I winced. “Probably under ten feet of water right now.”

She nodded. “Or mud. You’re not likely to turn up anything there.”

“I have to be forthright with you, Loralee. I don’t see how I can help you out.”

“Why don’t you just indulge a middle-aged, wealthy woman, and an old friend?”

I started trying to stand. “As they say, I’ll see what I can do.”

“Don’t forget.” She pointed at the envelope with the check inside.

I shook my head. “I’ll bill you if I find anything out.”

“Marvin.”

I nodded, like a bad little kid. I avoided the controversy by saying, “Oh, well, you’re the boss.”

“Thank you, Marvin.” She stood, in one graceful, sinuous motion, which only accentuated my own clumsiness.
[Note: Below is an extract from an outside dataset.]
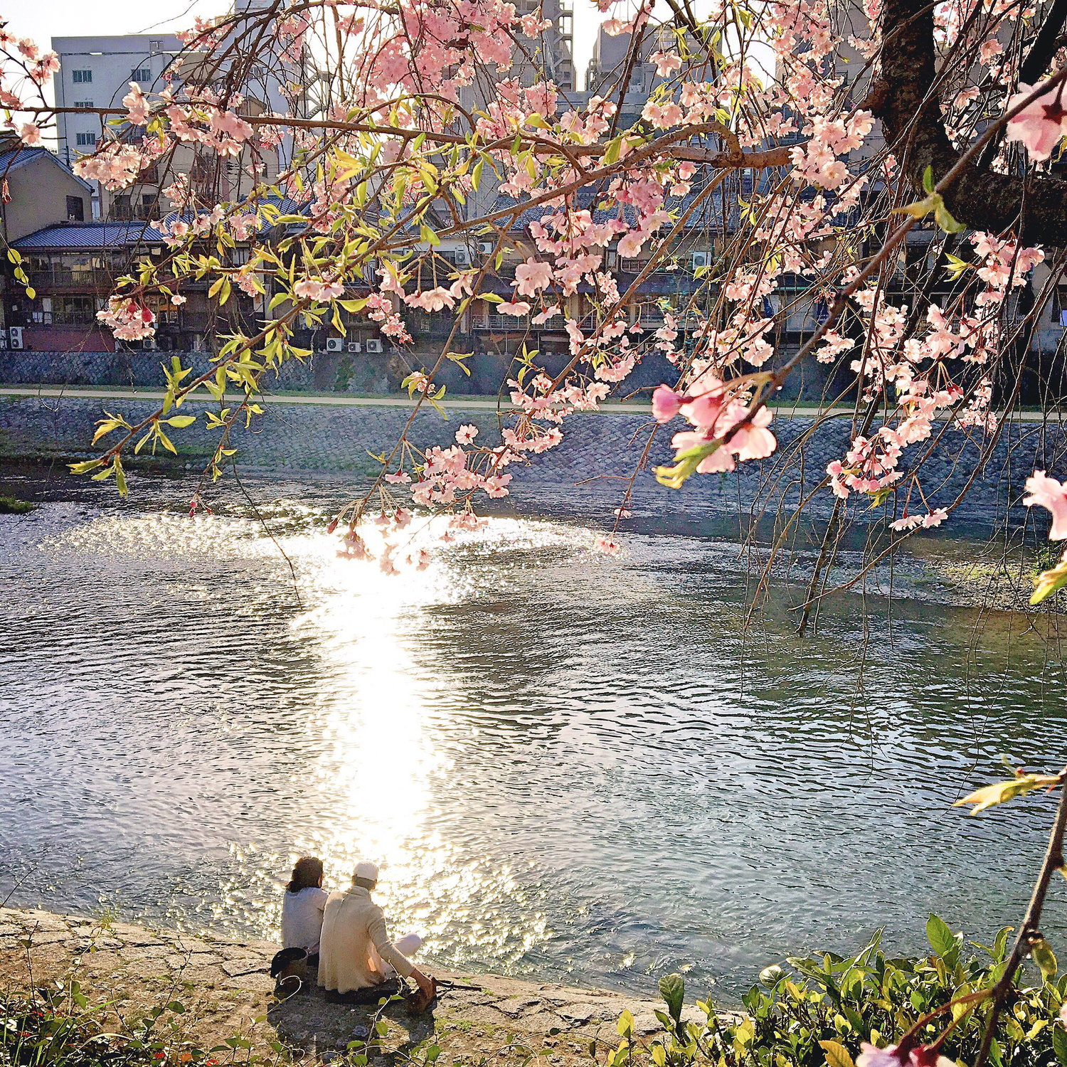 從白川南通持續向西前進,走到底就能見到鴨川。來到鴨川,第一個映入眼簾的必定是坐在河邊的情侶們了。彷彿遵守著潛規則一般,每一組人都隔著相同的間距。這些情侶被稱為「鴨っぷる(kappuru)」,與情侶的日文「カップル」為諧音。若想前往對岸,往南可接四条通,往北走三条通,都可以通往對岸的先斗町,享受夜景與巷弄裡的隱藏美食。

Just as gracefully she moved toward me and we hugged, she in her flashy tights and me in my Sunday best. Here we were, each attired in the way that makes us most attractive to the opposite sex: nearly naked woman, fully decked-out man—gender differences that neither side would ever understand.

I went downstairs. Clarissa was waiting with my hat and overcoat and umbrella, and a folder with some papers. “I apologize for making you stand in the rain, Mr. Kent,” she said. “But she never allows her meditations to be interrupted.”

“No big deal, Clarissa. As a matter-of-fact, we have the same boss now, so call me Marv.”

It was raining harder as I went out. I didn’t want to go to work. I wanted to go back in that big house and be kept there, surrounded by all that warmth and wealth and womanliness. But instead of what I wanted, I had what I needed: a job.